= Provided entries =
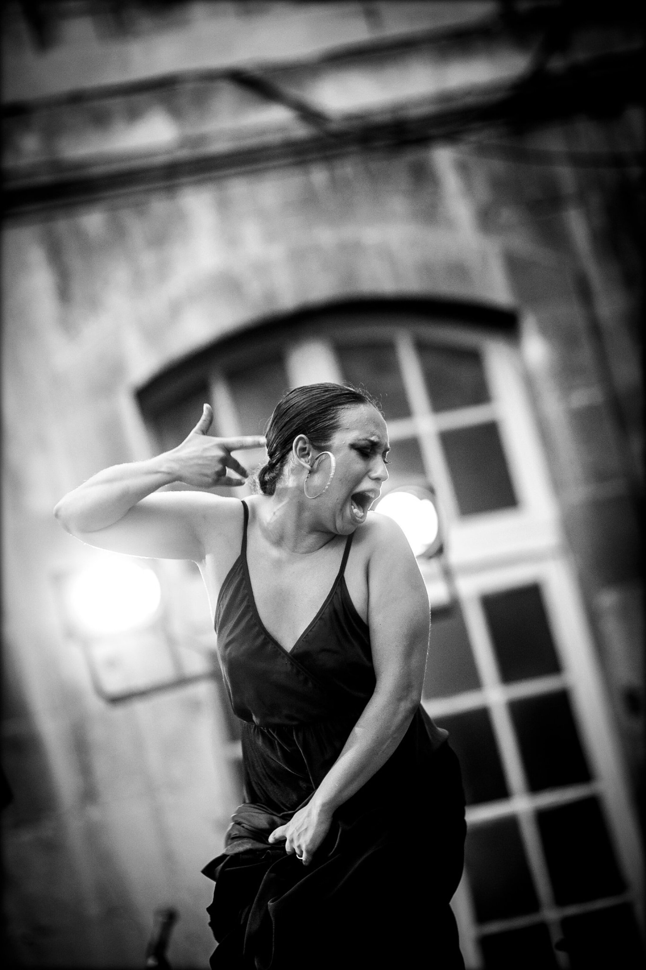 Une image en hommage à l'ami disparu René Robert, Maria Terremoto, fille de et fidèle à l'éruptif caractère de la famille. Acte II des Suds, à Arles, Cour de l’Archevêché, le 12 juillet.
* * *
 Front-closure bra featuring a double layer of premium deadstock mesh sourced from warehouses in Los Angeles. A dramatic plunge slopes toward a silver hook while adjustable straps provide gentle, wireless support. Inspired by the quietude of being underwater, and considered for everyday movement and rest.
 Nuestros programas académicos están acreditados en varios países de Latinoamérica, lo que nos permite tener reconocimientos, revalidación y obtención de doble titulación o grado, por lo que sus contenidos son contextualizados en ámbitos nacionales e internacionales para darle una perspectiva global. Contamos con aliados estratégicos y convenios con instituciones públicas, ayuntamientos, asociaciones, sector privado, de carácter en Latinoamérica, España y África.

= Exercise =
Given the data above, transcribe exactly the lines from the one containing "Front-closure bra featuring" down to the one containing "Nuestros programas académicos", and no others.

= Exercise output =
 Front-closure bra featuring a double layer of premium deadstock mesh sourced from warehouses in Los Angeles. A dramatic plunge slopes toward a silver hook while adjustable straps provide gentle, wireless support. Inspired by the quietude of being underwater, and considered for everyday movement and rest.
 Nuestros programas académicos están acreditados en varios países de Latinoamérica, lo que nos permite tener reconocimientos, revalidación y obtención de doble titulación o grado, por lo que sus contenidos son contextualizados en ámbitos nacionales e internacionales para darle una perspectiva global. Contamos con aliados estratégicos y convenios con instituciones públicas, ayuntamientos, asociaciones, sector privado, de carácter en Latinoamérica, España y África.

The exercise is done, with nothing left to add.